4. The district court did not err in dismissing Taylor's failure-to-hire claim because the amended complaint lacked sufficient allegations to state a plausible claim that Adams had a discriminatory motive in refusing to hire her for the position sought. See Abed v. W. Dental Servs., Inc., 23 Cal. App. 5th 726, 736, 233 Cal.Rptr.3d 242 (2018) (explaining the elements of a failure-to-hire claim); see also Cal. Gov't Code § 12940(a). Specifically, Taylor failed to allege that the individual hired instead of her was not a member of a protected group. See Jensen v. Wells Fargo Bank, 85 Cal. App. 4th 245, 255 n.4, 102 Cal.Rptr.2d 55 (2000).
5. The district court properly dismissed the FEHA retaliation claim, as Taylor did not allege a statutorily cognizable protected activity. See Cal. Gov't Code § 12940(h) (prohibiting retaliation against a person who opposed a forbidden practice, filed a complaint, testified, or assisted in a proceeding under the FEHA); see also Moore v. Regents of Univ. of California, 248 Cal.
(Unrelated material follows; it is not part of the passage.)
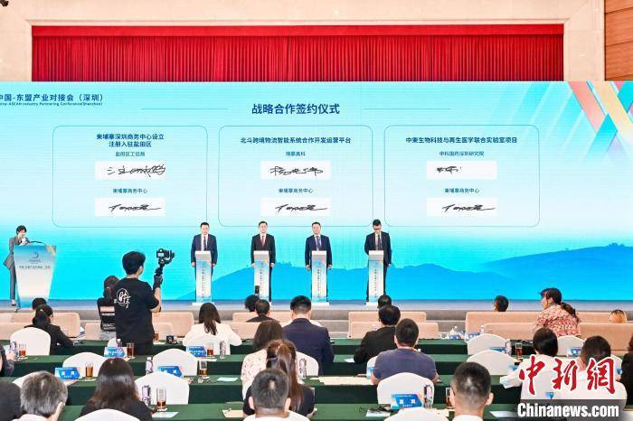 中新网深圳7月5日电(郑小红 王舒蕾)中国—东盟产业对接会(深圳)5日在深圳举行。来自柬埔寨、菲律宾、泰国、越南、新加坡等国的企业、机构代表,与深圳等地的30余家新兴产业企业和机构代表签署20项战略合作框架协议,意向合作金额超50亿元人民币。

App. 4th 216, 244 2016, 206 Cal.Rptr.3d 841 (2016)) (listing the elements of a FEHA retaliation claim). Non-specific assertions of protected activities do not suffice. See Yanowitz v. L'Oreal USA, Inc., 36 Cal. 4th 1028, 1046, 32 Cal.Rptr.3d 436, 116 P.3d 1123 (2005) (stating that “an employee's unarticulated belief that an employer is engaging in discrimination will not suffice to establish protected conduct for the purposes of establishing a prima facie case of retaliation”).
6. Absent an actionable claim of discrimination, Taylor cannot maintain a claim for failure to prevent discrimination. See Caldera v. Dep't of Corr. & Rehab., 25 Cal. App. 5th 31, 43-44, 235 Cal.Rptr.3d 262 (2018).
7. The district court did not err in dismissing Taylor's failure to accommodate claim because Taylor failed to plausibly allege that Adams was aware of the need to accommodate. See Cal. Gov't Code § 12940(m)(1); see also Alamillo v. BNSF Ry. Co., 869 F.3d 916, 919, 922 (9th Cir. 2017) (concluding that no plausible accommodation claim exists if the employer made the requested accommodation); Avila, 165 Cal. App. 4th at 1252, 82 Cal.Rptr.3d 440 (explaining that an employer need only accommodate a known disability).
8. The district court correctly dismissed Taylor's claim for failure to engage in the interactive process, as the amended complaint contained no plausible allegations that Adams was aware of any disability or medical condition, or that Taylor requested an accommodation. See Alamillo, 869 F.3d at 922 (clarifying that an employer must engage in the interactive process in response to a request for reasonable accommodation from an employee with a known disability); see also Cal. Gov't. Code § 12940(n).
9. Finally, the district court did not abuse its discretion in declining to sua sponte grant leave to amend, as Taylor failed to remedy the deficiencies in her amended complaint after the district court previously granted leave to amend. SeeGonzalez v. Planned Parenthood of Los Angeles, 759 F.3d 1112, 1116 (9th Cir. 2014) (explaining that “the district court's discretion in denying amendment is particularly broad when it has previously given leave to amend”).